The Big Blue Picture and Returning to the Moon
As much as technical innovation drives the successes of the space education program at NPS, there’s also a great need for understanding the big picture of space – something which goes well beyond hardware and software.
“Orbits, particularly LEO, are getting very crowded by the rapidly increasing number of satellites and the growing number of countries and companies entering space,” said Clay Moltz, a member of SSAG and professor in NPS’ Department of National Security Affairs. “How are we going to keep these orbits safe? How can we manage the new commercial traffic, the orbital debris, and the increasing military competition in space?”

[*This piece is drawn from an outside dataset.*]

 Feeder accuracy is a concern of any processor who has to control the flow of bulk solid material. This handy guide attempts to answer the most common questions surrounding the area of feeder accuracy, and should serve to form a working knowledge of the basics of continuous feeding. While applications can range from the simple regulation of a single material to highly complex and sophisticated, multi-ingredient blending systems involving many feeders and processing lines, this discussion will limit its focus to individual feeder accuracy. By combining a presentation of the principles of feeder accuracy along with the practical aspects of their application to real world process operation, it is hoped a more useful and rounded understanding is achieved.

As part of their coursework, all Space Systems students get exposure to how history and policy impact the current and future use of space. After graduating from NPS, they will be better prepared with the knowledge and know-how needed to answer questions, like those posed by Moltz, and address the challenges that await on and over the horizon.
“NPS continues to contribute to the Naval space enterprise by working hard to stay relevant in the ever-changing realm of crowded low-earth orbits and contested cislunar space,” said Newman. “Graduates from across NPS conduct thesis and capstone research of immediate and future impact and, even more importantly, are ready to contribute their updated critical thinking skills and space-related knowledge to the benefit of the country’s defense program.”
During the flight of Apollo 17 in December 1972, NPS graduate Gene Cernan became the last human to set foot on the moon. Now, NASA is ramping up the Artemis program for the United States’ return to the lunar surface, with Artemis I orbiting the moon without a crew in 2022.
For Artemis II, scheduled for launch in 2025, NPS alumnus and Navy Capt. Victor Glover will serve as pilot and join three other astronauts on a flyby mission around the moon – the first return to lunar orbit by humans in more than 50 years.